Transcribe the records verbatim, images excluded.

^^^^^^^^^^^^^^^^

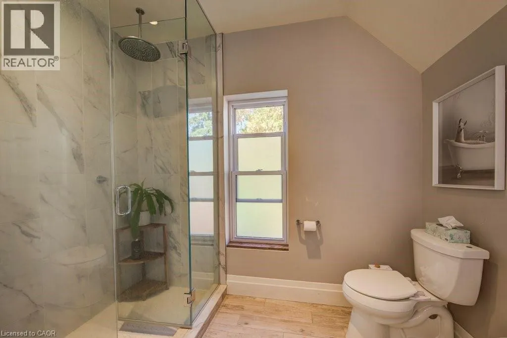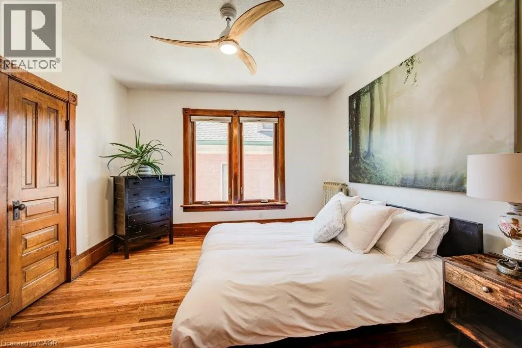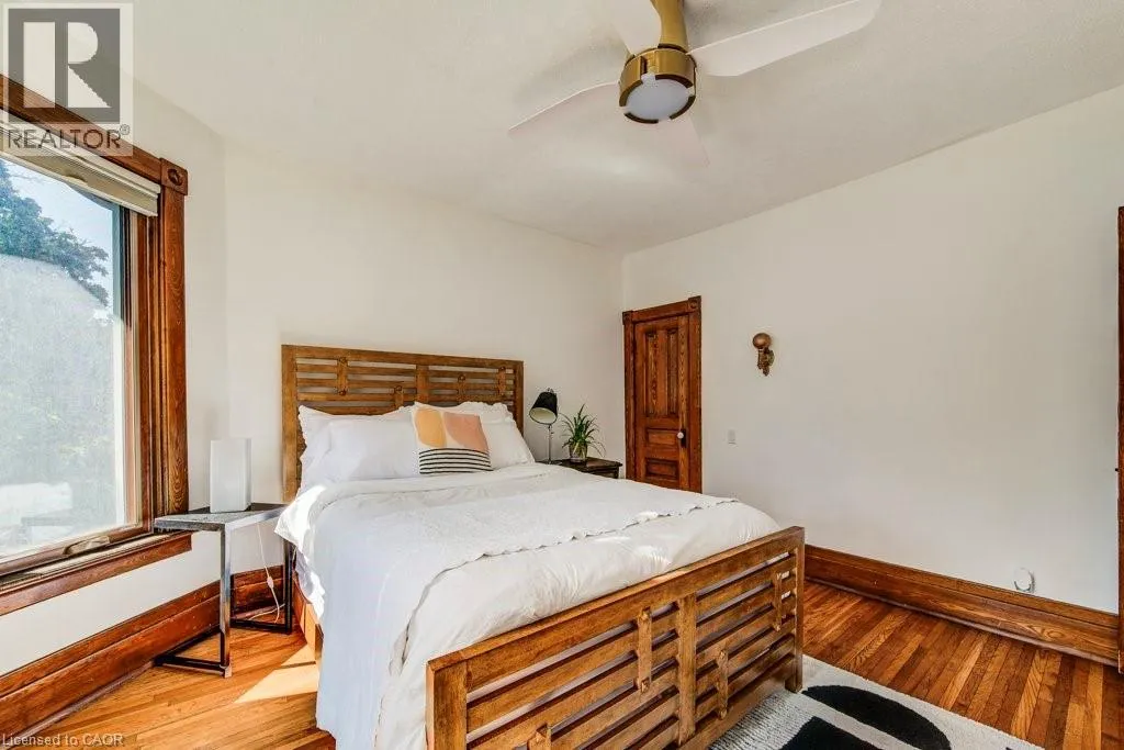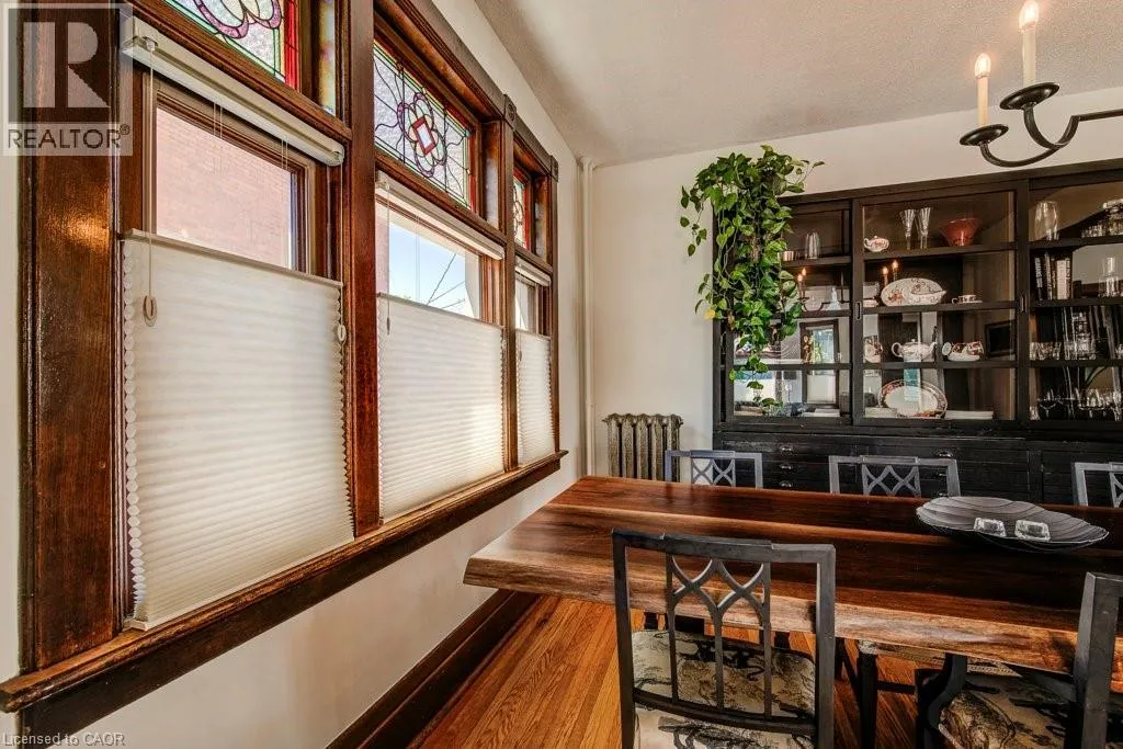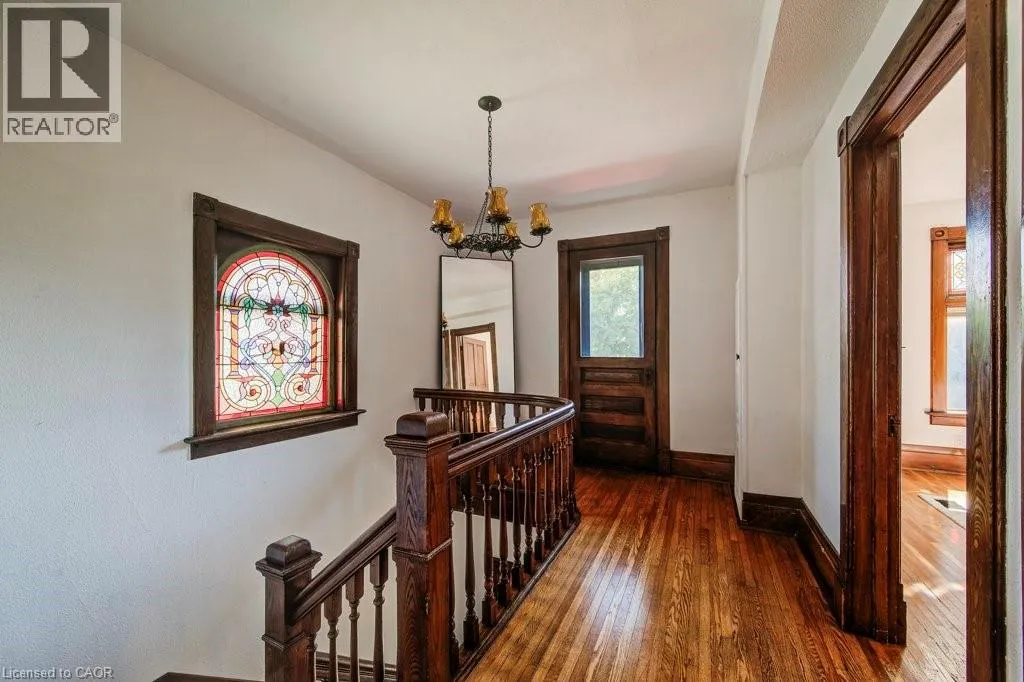 Courtland & Queen St S 350 Queen Street S is a rare & beautifully restored century home just one block from Victoria Park, steps to the heart of downtown Kitchener, blending timeless charm with modern refinement. Inside, the home's historic character shines through original doors, rich hardwood floors, intricate millwork, and exquisite stained-glass windows. The elegant living room, centered around a cozy gas fireplace, flows effortlessly into the formal dining room. Original pocket doors offer the option of privacy while preserving the home's classic appeal. The heart of the homeâthe kitchenâhas been thoughtfully updated with white granite countertops, custom cabinetry, and high-end stainless steel appliances, including a gas stove, warming drawer, trash compactor, under-counter bar fridge, and heated floors for an added touch of luxury. Upstairs, the second level features three generous bedrooms, including a peaceful primary suite with large windows and abundant natural light. The spa-inspired main bathroom includes double sinks, quartz countertops, a soaker tub, and a walk-in shower. A convenient second-floor laundry room enhances everyday functionality. The third-floor loft has been completely reimagined as a stylish and versatile in-law suite, complete with a modern kitchenette, cozy living area, a beautifully appointed bathroom with stacked subway tile and a floating wood vanity, and an additional bedroom offering privacy for guests or extended family. Outside, the private backyard retreat is designed for low-maintenance enjoyment, showcasing a built-in BBQ with black granite counters, a pergola, and lush, refined landscaping. A full-height basement with a separate entrance presents exciting potential for added living space, a home office, or another in-law suite. Meticulously upgraded with new windows, new boiler system, extensive exterior improvements, restored staircases, a fully renovated kitchen and loft, and a complete electrical update- this one-of-a-kind! (id:27476)
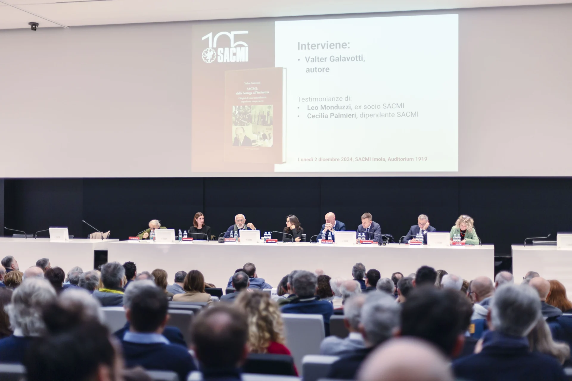 In a packed Auditorium 1919, people gathered to listen to the author of the book, Valter Galavotti, and two former and current SACMI employees, Leo Monduzzi and Cecilia Palmieri. The event was also attended by local institutions: acting president of the Emilia-Romagna Region, Irene Priolo, was there, together with the mayor of Imola, Marco Panieri, highlighting how the ‘SACMI model’ is a crucial part of Imola, the Region and, indeed, Italy’s industrial, economic and social heritage. The meeting ended with words from the President of Legacoop Nazionale, Simone Gamberini.
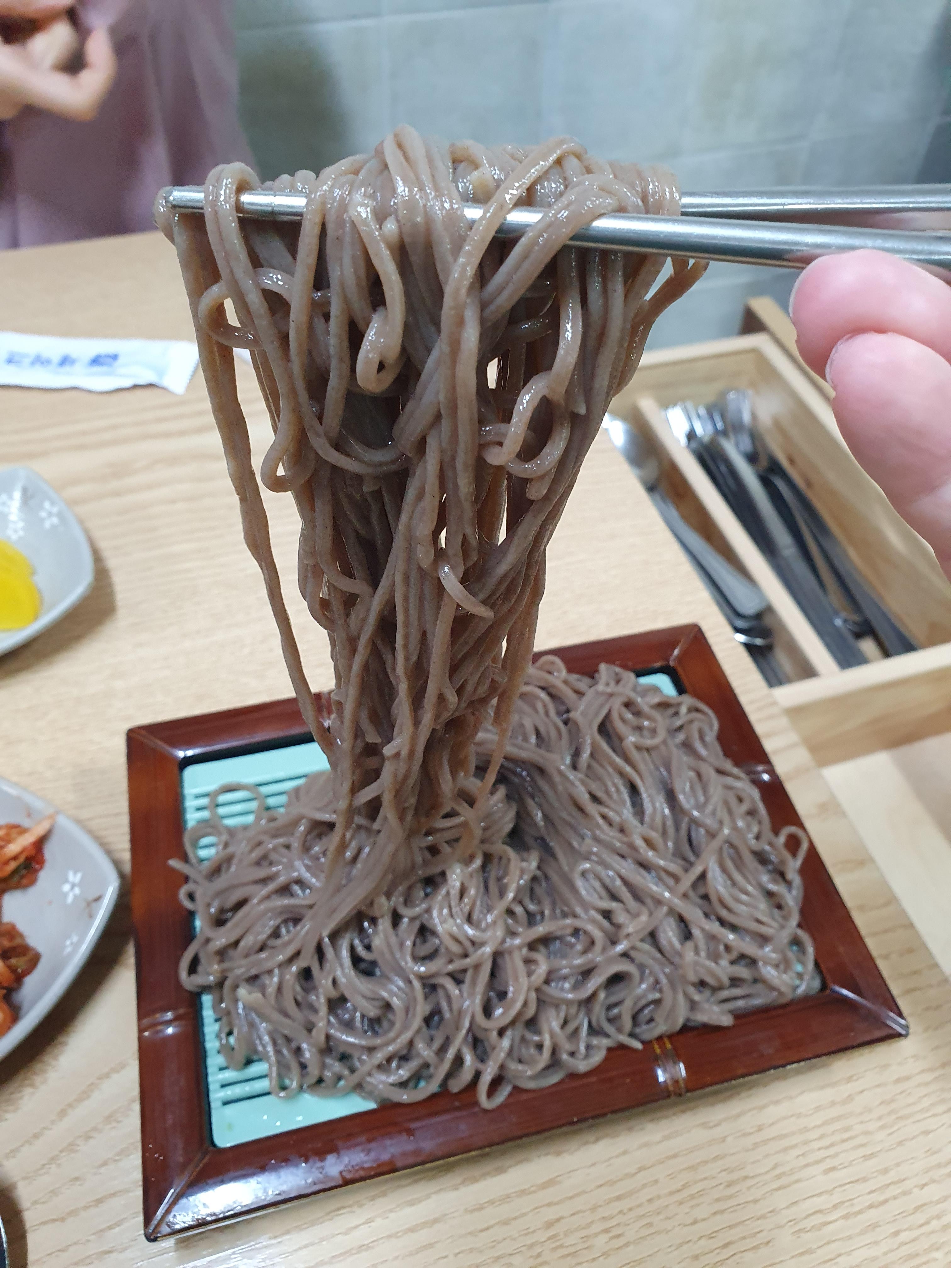 모밀 국수에 들어가는 메밀 소변의 양이 장난이 아니긴 합니다 보통 소바 집에 피하면 곱빼기 정도로 양이 나와요.
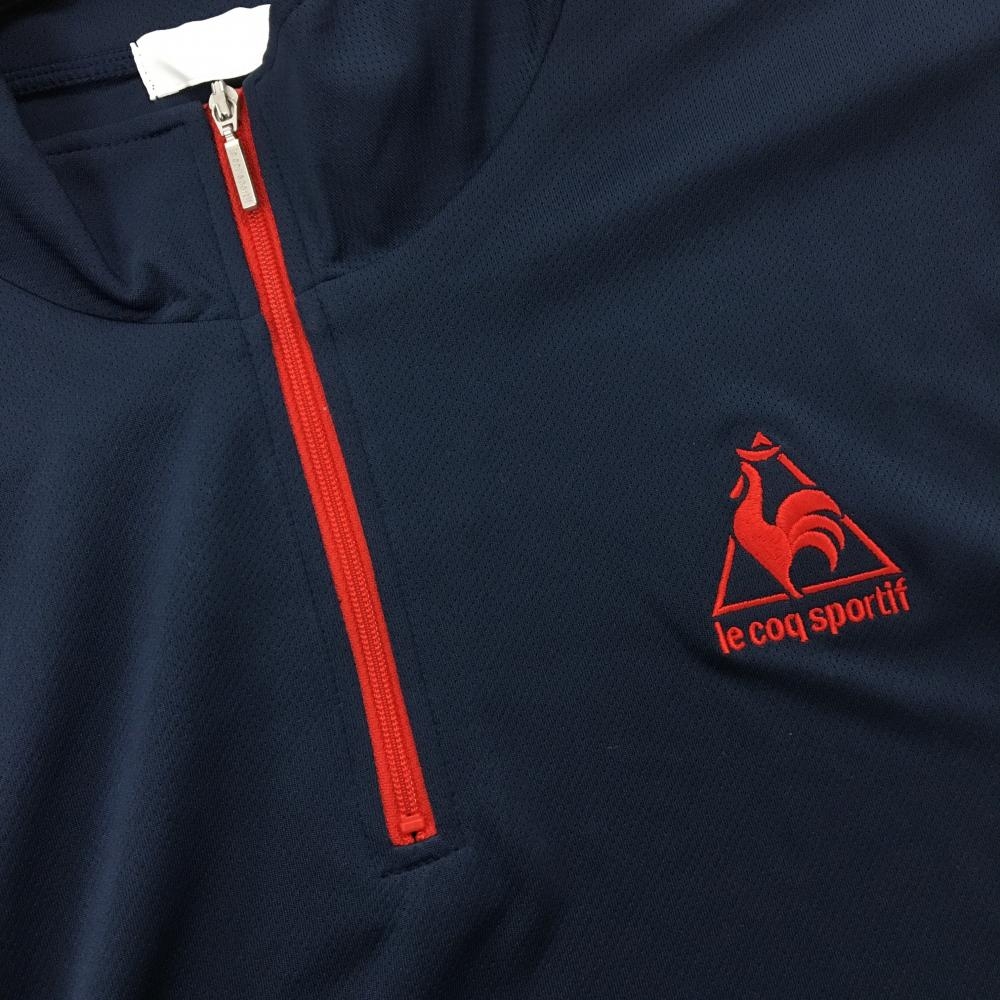 【超美品】ルコック 半袖ハイネックシャツ ネイビー×レッド ハーフジップ メンズ L ゴルフウェア le coq sportif
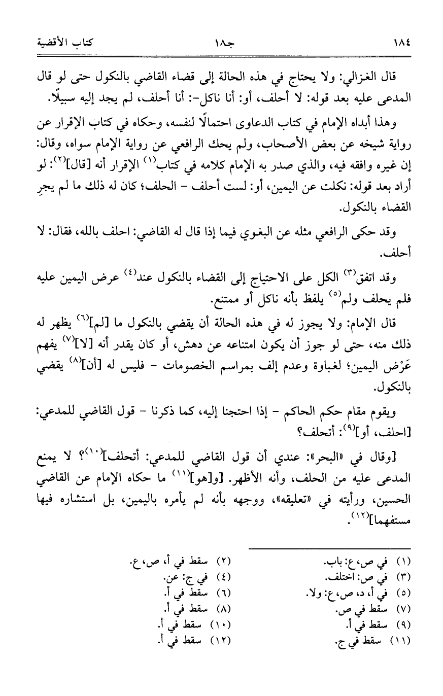 وهذا أبداه الإمام في كتاب الدعاوى احتمالاً لنفسه، وحكاه في كتاب الإقرار عن رواية شيخه عن بعض الأصحاب، ولم يحك الرافعي عن رواية الإمام سواه، وقال: إن غيره وافقه فيه، والذي صدر به الإمام كلامه في كتاب الإقرار أنه [قال]: لو أراد بعد قوله: نكلت عن اليمين، أو: لست أحلف- الحلف؛ كان له ذلك ما لم يجرِ القضاء بالنكول.
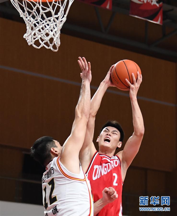 11月4日,青岛国信海天队球员王睿泽(右)在比赛中上篮。 当日,在浙江诸暨举行的2020-2021赛季中国男子篮球职业联赛(CBA)第一阶段第八轮比赛中,青岛国信海天队以84比105不敌九台农商银行队。 新华社记者 沙达提 摄

^^^^^^^^^^^^^^^^

:: Answer space ::
 Courtland & Queen St S 350 Queen Street S is a rare & beautifully restored century home just one block from Victoria Park, steps to the heart of downtown Kitchener, blending timeless charm with modern refinement. Inside, the home's historic character shines through original doors, rich hardwood floors, intricate millwork, and exquisite stained-glass windows. The elegant living room, centered around a cozy gas fireplace, flows effortlessly into the formal dining room. Original pocket doors offer the option of privacy while preserving the home's classic appeal. The heart of the homeâthe kitchenâhas been thoughtfully updated with white granite countertops, custom cabinetry, and high-end stainless steel appliances, including a gas stove, warming drawer, trash compactor, under-counter bar fridge, and heated floors for an added touch of luxury. Upstairs, the second level features three generous bedrooms, including a peaceful primary suite with large windows and abundant natural light. The spa-inspired main bathroom includes double sinks, quartz countertops, a soaker tub, and a walk-in shower. A convenient second-floor laundry room enhances everyday functionality. The third-floor loft has been completely reimagined as a stylish and versatile in-law suite, complete with a modern kitchenette, cozy living area, a beautifully appointed bathroom with stacked subway tile and a floating wood vanity, and an additional bedroom offering privacy for guests or extended family. Outside, the private backyard retreat is designed for low-maintenance enjoyment, showcasing a built-in BBQ with black granite counters, a pergola, and lush, refined landscaping. A full-height basement with a separate entrance presents exciting potential for added living space, a home office, or another in-law suite. Meticulously upgraded with new windows, new boiler system, extensive exterior improvements, restored staircases, a fully renovated kitchen and loft, and a complete electrical update- this one-of-a-kind! (id:27476)
 In a packed Auditorium 1919, people gathered to listen to the author of the book, Valter Galavotti, and two former and current SACMI employees, Leo Monduzzi and Cecilia Palmieri. The event was also attended by local institutions: acting president of the Emilia-Romagna Region, Irene Priolo, was there, together with the mayor of Imola, Marco Panieri, highlighting how the ‘SACMI model’ is a crucial part of Imola, the Region and, indeed, Italy’s industrial, economic and social heritage. The meeting ended with words from the President of Legacoop Nazionale, Simone Gamberini.
 모밀 국수에 들어가는 메밀 소변의 양이 장난이 아니긴 합니다 보통 소바 집에 피하면 곱빼기 정도로 양이 나와요.
 【超美品】ルコック 半袖ハイネックシャツ ネイビー×レッド ハーフジップ メンズ L ゴルフウェア le coq sportif
 وهذا أبداه الإمام في كتاب الدعاوى احتمالاً لنفسه، وحكاه في كتاب الإقرار عن رواية شيخه عن بعض الأصحاب، ولم يحك الرافعي عن رواية الإمام سواه، وقال: إن غيره وافقه فيه، والذي صدر به الإمام كلامه في كتاب الإقرار أنه [قال]: لو أراد بعد قوله: نكلت عن اليمين، أو: لست أحلف- الحلف؛ كان له ذلك ما لم يجرِ القضاء بالنكول.
 11月4日,青岛国信海天队球员王睿泽(右)在比赛中上篮。 当日,在浙江诸暨举行的2020-2021赛季中国男子篮球职业联赛(CBA)第一阶段第八轮比赛中,青岛国信海天队以84比105不敌九台农商银行队。 新华社记者 沙达提 摄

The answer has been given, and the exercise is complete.